-------- Supplied records

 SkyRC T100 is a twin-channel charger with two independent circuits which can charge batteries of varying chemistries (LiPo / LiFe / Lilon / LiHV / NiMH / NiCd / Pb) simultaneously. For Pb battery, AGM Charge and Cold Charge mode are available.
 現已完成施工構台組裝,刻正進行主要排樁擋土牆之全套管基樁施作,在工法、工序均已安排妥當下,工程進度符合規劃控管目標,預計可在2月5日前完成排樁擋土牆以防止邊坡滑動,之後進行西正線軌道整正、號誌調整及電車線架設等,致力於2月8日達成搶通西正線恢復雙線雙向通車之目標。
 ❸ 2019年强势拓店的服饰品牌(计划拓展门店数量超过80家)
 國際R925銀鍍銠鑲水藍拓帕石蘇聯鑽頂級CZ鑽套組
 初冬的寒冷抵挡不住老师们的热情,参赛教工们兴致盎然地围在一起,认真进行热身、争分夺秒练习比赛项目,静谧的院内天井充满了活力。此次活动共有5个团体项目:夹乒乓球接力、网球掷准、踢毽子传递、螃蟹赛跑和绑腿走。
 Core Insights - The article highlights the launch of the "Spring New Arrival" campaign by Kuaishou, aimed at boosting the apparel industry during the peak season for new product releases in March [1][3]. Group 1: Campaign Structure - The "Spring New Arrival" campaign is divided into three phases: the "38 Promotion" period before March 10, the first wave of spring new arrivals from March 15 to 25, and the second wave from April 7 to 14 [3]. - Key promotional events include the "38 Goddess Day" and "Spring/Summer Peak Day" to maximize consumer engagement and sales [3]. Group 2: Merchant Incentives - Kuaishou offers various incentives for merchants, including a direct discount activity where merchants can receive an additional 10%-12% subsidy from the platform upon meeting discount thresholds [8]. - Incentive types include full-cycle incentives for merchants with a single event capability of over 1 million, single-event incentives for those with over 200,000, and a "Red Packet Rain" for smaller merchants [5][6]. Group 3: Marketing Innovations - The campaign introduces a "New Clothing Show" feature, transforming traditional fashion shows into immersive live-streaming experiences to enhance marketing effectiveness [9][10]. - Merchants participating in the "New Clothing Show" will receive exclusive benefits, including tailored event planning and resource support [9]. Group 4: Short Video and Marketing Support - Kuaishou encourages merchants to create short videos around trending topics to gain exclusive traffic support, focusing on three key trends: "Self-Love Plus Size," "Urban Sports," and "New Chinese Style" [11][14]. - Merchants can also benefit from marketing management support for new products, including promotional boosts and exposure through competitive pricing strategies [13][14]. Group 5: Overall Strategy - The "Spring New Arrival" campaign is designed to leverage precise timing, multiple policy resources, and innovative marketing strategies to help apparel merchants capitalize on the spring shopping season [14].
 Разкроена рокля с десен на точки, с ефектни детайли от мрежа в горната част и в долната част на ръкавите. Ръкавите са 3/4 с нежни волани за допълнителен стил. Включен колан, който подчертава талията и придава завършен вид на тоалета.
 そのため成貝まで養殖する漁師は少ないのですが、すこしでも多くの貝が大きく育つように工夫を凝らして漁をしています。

----------------

Could you set down every record exactly as given?

 SkyRC T100 is a twin-channel charger with two independent circuits which can charge batteries of varying chemistries (LiPo / LiFe / Lilon / LiHV / NiMH / NiCd / Pb) simultaneously. For Pb battery, AGM Charge and Cold Charge mode are available.
 現已完成施工構台組裝,刻正進行主要排樁擋土牆之全套管基樁施作,在工法、工序均已安排妥當下,工程進度符合規劃控管目標,預計可在2月5日前完成排樁擋土牆以防止邊坡滑動,之後進行西正線軌道整正、號誌調整及電車線架設等,致力於2月8日達成搶通西正線恢復雙線雙向通車之目標。
 ❸ 2019年强势拓店的服饰品牌(计划拓展门店数量超过80家)
 國際R925銀鍍銠鑲水藍拓帕石蘇聯鑽頂級CZ鑽套組
 初冬的寒冷抵挡不住老师们的热情,参赛教工们兴致盎然地围在一起,认真进行热身、争分夺秒练习比赛项目,静谧的院内天井充满了活力。此次活动共有5个团体项目:夹乒乓球接力、网球掷准、踢毽子传递、螃蟹赛跑和绑腿走。
 Core Insights - The article highlights the launch of the "Spring New Arrival" campaign by Kuaishou, aimed at boosting the apparel industry during the peak season for new product releases in March [1][3]. Group 1: Campaign Structure - The "Spring New Arrival" campaign is divided into three phases: the "38 Promotion" period before March 10, the first wave of spring new arrivals from March 15 to 25, and the second wave from April 7 to 14 [3]. - Key promotional events include the "38 Goddess Day" and "Spring/Summer Peak Day" to maximize consumer engagement and sales [3]. Group 2: Merchant Incentives - Kuaishou offers various incentives for merchants, including a direct discount activity where merchants can receive an additional 10%-12% subsidy from the platform upon meeting discount thresholds [8]. - Incentive types include full-cycle incentives for merchants with a single event capability of over 1 million, single-event incentives for those with over 200,000, and a "Red Packet Rain" for smaller merchants [5][6]. Group 3: Marketing Innovations - The campaign introduces a "New Clothing Show" feature, transforming traditional fashion shows into immersive live-streaming experiences to enhance marketing effectiveness [9][10]. - Merchants participating in the "New Clothing Show" will receive exclusive benefits, including tailored event planning and resource support [9]. Group 4: Short Video and Marketing Support - Kuaishou encourages merchants to create short videos around trending topics to gain exclusive traffic support, focusing on three key trends: "Self-Love Plus Size," "Urban Sports," and "New Chinese Style" [11][14]. - Merchants can also benefit from marketing management support for new products, including promotional boosts and exposure through competitive pricing strategies [13][14]. Group 5: Overall Strategy - The "Spring New Arrival" campaign is designed to leverage precise timing, multiple policy resources, and innovative marketing strategies to help apparel merchants capitalize on the spring shopping season [14].
 Разкроена рокля с десен на точки, с ефектни детайли от мрежа в горната част и в долната част на ръкавите. Ръкавите са 3/4 с нежни волани за допълнителен стил. Включен колан, който подчертава талията и придава завършен вид на тоалета.
 そのため成貝まで養殖する漁師は少ないのですが、すこしでも多くの貝が大きく育つように工夫を凝らして漁をしています。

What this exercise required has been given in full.